Though the South had begun to fear the consequences of popular sovereignty and to see that Douglas was only making the more certain the power of his group of States, its spokesmen felt compelled to support him in a fight against abolitionists and anti-slavery agitators. Alexander Stephens, an able Whig leader of Georgia, and most other members of that party in the South, gave Douglas hearty support. The struggle developed into a fight between the East and the South. A great many of the followers of Douglas were won away from the original program when it seemed a mere question of slavery extension, and the Democrats of the Northwest divided sharply. After four months of angry debate and unprecedented log-rolling the bill became law, and the President promptly organized Kansas and Nebraska as Territories. Members of Congress went home after the adjournment to face their constituents, and a most exciting campaign followed. In Wisconsin and Michigan a new party was organized. Its appeal was to the fundamental American doctrines that all men are equal and that no great interests should rule the country. It received immediate support in the two States mentioned, and in all the counties of the Northwest where the New England influence was predominant, in northern Ohio, Indiana, and Illinois. Naturally the remnants of the old party organizations, the Whigs and the Free-Soilers, lent enthusiastic support.

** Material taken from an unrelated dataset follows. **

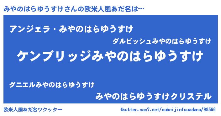 | 男性向けラノベタイトル風あだ名 | 『Re:みやのはらゆうすけから始める異世界生活』 |

Chase and Sumner had called into being a new idealist movement resembling that which had overwhelmed the Federalists in 1800, and a group of new leaders, soon to become famous, emerged. In addition to the well-known names already mentioned, there now appeared the kindly, shrewd Abraham Lincoln, of Kentucky and Illinois; J. W. Grimes arose in Iowa to threaten a Democratic machine which had never known defeat; Zachary Chandler, of Michigan, was making ready the stroke which was to unhorse the great and popular Cass; and Benjamin F. Wade, of Ohio, joined Chase and Giddings, thus making up the trio which was to rule that State for years to come. The young and vigorous Republican party of the Northwest, guided by this company of ambitious “new” politicians, readily effected the union of East and Northwest which Adams and Clay had long striven in vain to perfect. The work of Chase, Seward, Lincoln, and Sumner of these years paralleled that of Calhoun, Jackson, and Benton in 1828; and as a result the Democrats lost their hold on the legislatures of nearly all the States above the Ohio and the Missouri Rivers, and their overwhelming majority in the Federal House of Representatives disappeared as if overnight.